Gracias, pero veo que algunas palabras también se te escapan, como Belials (Belial), yque tu lees como *Behals*.
Pero me es de mucha ayuda..

¡Muchas gracias!

Saludos.


----------



## susanainboqueixon

Tienes razón... Espero que no haya otra.


----------



## Trastolillo

Hola. 

No, y de verdad que te lo agradezco muchísimo.
Es que algunas letras se me hacían muy difíciles de entender, como te ha pasado a tí, y más con ese estilo de escritut¡ra del texto.

Un abrazo.

Saludos.


----------



## bwprius

> _Ya en su habitación, encuentra un libro "De espíritus aterrorizados por vampiros, sortilegios y los siete pecados capitales", donde lee que de *la semilla de Belial* surgió el vampiro Nosferatu que *vive y se alimenta de de sangre humana viviendo en cuevas terroríficas, cámaras funerarias y ataúdes llenos de tierra maldita*._



Las partes resaltadas por mí en negrita aparecen en tu fuente.

Lo de arriba se encuentra aquí: Nosferatu, el vampiro en la parte de

*Sinopsis/ Argumento:*


----------



## bwprius

Ignoro si conoces el significado de _*Belial*_.

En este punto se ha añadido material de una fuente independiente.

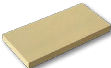
CHR0 - Copertina piatta
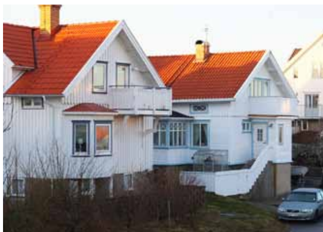
Dubbelhus vid Lilla Karishamsvägen.
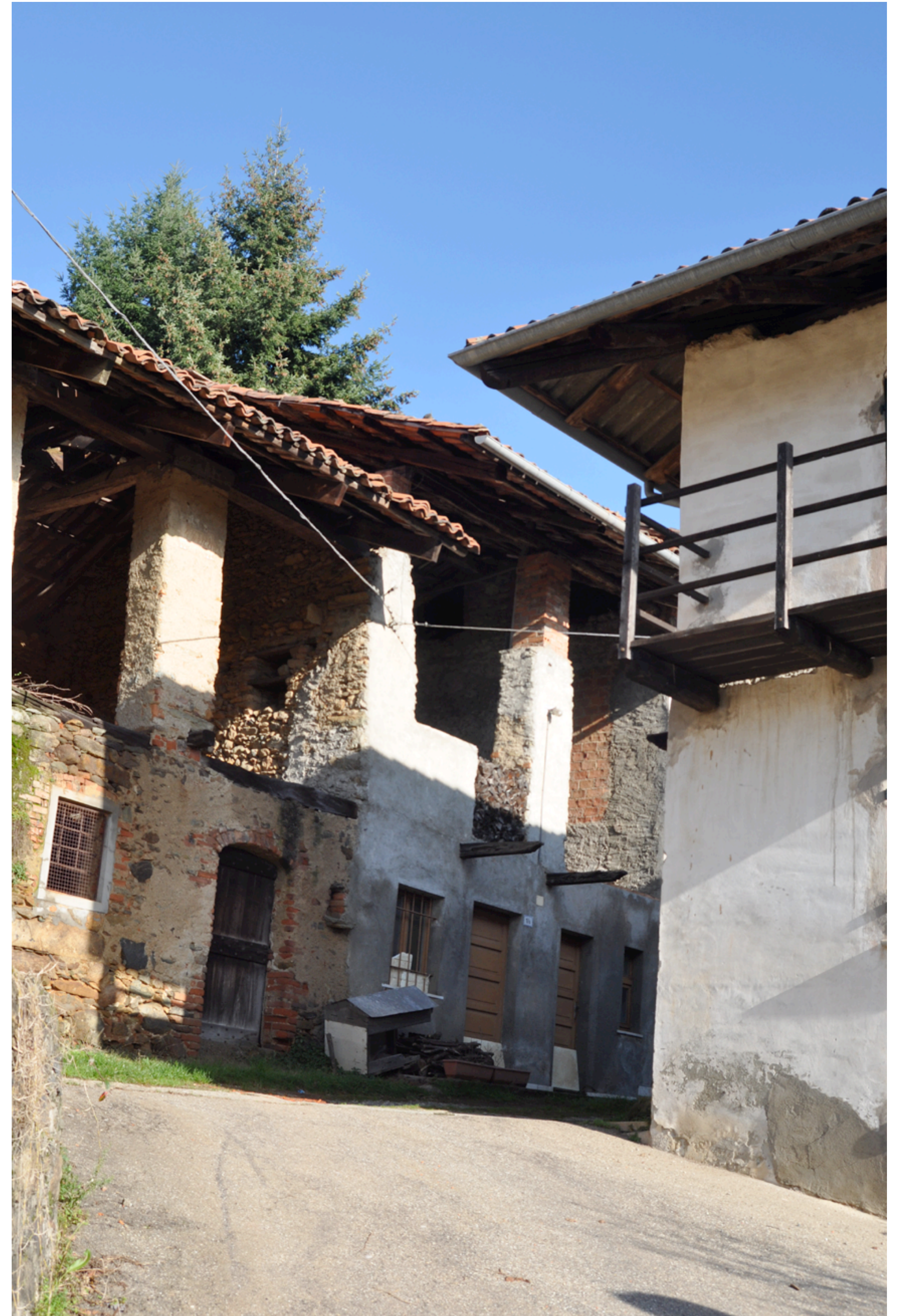
Fig. 20 - 21 - Stato attuale di un altro edificio in frazione Piletta. Il rilievo ne è risultato complesso a causa dei forti dislivelli, degli sbandamenti delle murature e delle coperture, permettendo tuttavia di cogliere gli elementi significativi per proporre soluzioni di recupero.

Pero he encontrado aquí: Belial - Enciclopedia Católica

lo siguiente:


> _Belial_​Se encuentra frecuentemente como un nombre personal en la Vulgata y en varias traducciones inglesas de la Biblia, y se usa a menudo como sinónimo de Satanás, o la personificación del mal.


----------



## Trastolillo

Hola.



bwprius said:


> Ignoro si conoces el significado de _*Belial*_.
> 
> Pero he encontrado aquí: Belial - Enciclopedia Católica
> 
> lo siguiente:



Hola.

Si, la conocía.
Me dedico a traducir intertítulos de películas, ciencia ficción, terror y fantasía, para luego añadirlos y subirlas a mi canal de youtube.
Trato de que sean, en la medida de lo posible, de dominio público.
Eso me lleva a investigar y a aprender cosas nuevas, ya que soy aficionado al cine.
También trato de ser lo más fiel posible en las traducciones de los intertitúlos originales, tirando de todos los diccionarios que puedo y del sentido común.
Y, ¡cómo no!, a veces solicitando ayuda en estos foros.

Gracias.
Saludos.


----------